We were able to recapitulate resistance patterns in cells from that observed after first-line ADT to complete ADT in our representative in vitro models of VCaP bone metastatic cells. The therapeutic sequence commenced from VCaP rev cells, which depend on the low testosterone concentration of 1 nM (0.3 ng/ml) and exhibit a normal level of AR expression (Figure 1A1C). This cell model should represent hypogonadal therapy-naïve patients and displays androgen sensitivity. Therefore, these cells are susceptible to first-line ADT, i.e., deprivation of external androgens [19]. As observed in our cell model, first-line androgen deprivation eventually caused castration resistance (VCaP) with AR signaling depending on intratumoral steroidogenesis and AR sensitized by overexpression [2]. This cell model was treated with the clinically approved CRPC drug abiraterone to eliminate intratumoral steroidogenesis to further fortify AR overexpression (Figure 1B and 1C) and added AR splice variants (80 kDa, Figure 1C). This latter condition is considered therapy-resistant and a therapy switch from ADT to AR blockade, e.g., abiraterone to enzalutamide, is not recommended due to pending cross resistance [22, 24]. Under these AR conditions, abiraterone is no longer effective because AR splice variants are constitutively active and unreceptive to ADT, and enzalutamide cannot bind to this structure due to the lack of an AR ligand binding domain in this structure. Our model clearly shows the potential of AR splice variants to exhibit constitutive activity because the classical androgen-regulated gene PSA is expressed under complete androgen deprivation and in the absence of external androgens, i.e., virtually androgen-free PSA expression (Figure 1C).

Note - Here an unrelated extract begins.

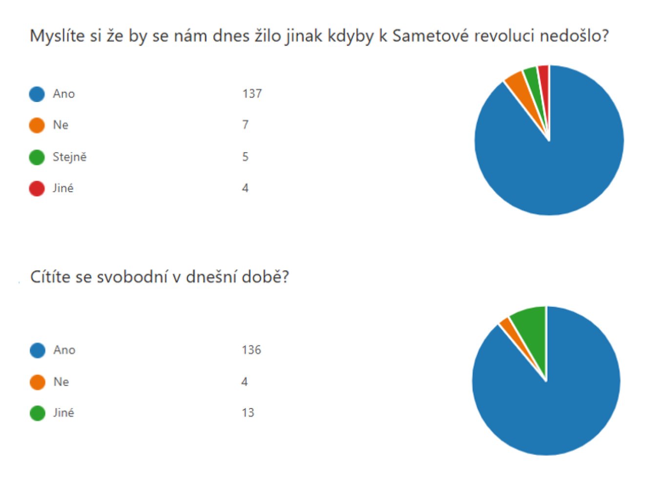 Za vyučující bych rád poděkoval pořadatelům, kteří v krátkém čase připravili v Komunitku velmi pěkný program. Stejně tak hostům - kolegům a dokumentaristovi muzea Mgr. Robertu Malotovi, který kromě účasti v besedě zapůjčil také velmi podrobnou a zajímavou výstavu muzea k tématu sametové revoluce ve Strakonicích. Studentský parlament také rozeslal anketu, která nám poskytla cenný obraz o tom, jak současné generace o sametové revoluci i současných podobách demokracie a svobody uvažují. Můžete se podívat na graficky zpracované vybrané výsledky jejich studentského průzkumu.

The detection of AR splice variants by liquid biopsies for personalized therapy sequencing excluded switching to other AR-targeted therapies; thus, chemotherapy remains an option [25]. To overcome the predicament of cross resistance if CRPC therapy of next-generation ADT fails, and AR blockade by flutamide, bicalutamide or enzalutamide is less effective, we applied ERβ activation as an antiandrogen treatment using the ERβ-selective agonist 8β-VE2 [26, 17]. Although 8β-VE2 showed potential as a general prostate cancer drug by decreasing cell survival and increasing tumor cell apoptosis in all cell variants (Figure 3), there is no just cause to replace approved first-line and next-generation ADT in androgen-sensitive prostate cancer or CRPC considering the effects we obtained on the pivotal target AR (Figure 2B). However, putative therapeutic resistance from AR overexpression and splice variants can be potentially rectified with this ERβ-selective agonist (Figure 2B, VCaP AA). The reciprocal mechanism of AR/AR-Vs downregulation under ERβ activation appears to perform best with a moderate 8β-VE2 concentration of 5 μmol/L. Increased concentrations further limit AR expression but no longer on the basis of the cogent counteraction. Interesting in a mechanistic sense, the counteraction of AR and ERβ expression was demonstrated in CRPC rev cells (Figure 2B) where ERβ downregulation caused the upregulation of AR expression. This finding confirms our previous data from ERβ functional analyses with RNA interference in LNCaP cells, when ERβ knock-down caused rising PSA indistinguishable from an androgen stimulus [17]. Also in CRPC represented by VCaP cells (Figure 2B, middle) 8β-VE2 causes AR downregulation, reduced cell survival and increased apoptosis. However, this occurred only at high 8β-VE2 concentrations, probably inconsistent with therapy options (Figure 3C-3D), and not upon ERβ upregulation. Therefore, the concept of AR-counteracting ERβ seems most convincing in therapy sequencing causing cross resistance upon appearance of AR splice variants (Figure 2, right).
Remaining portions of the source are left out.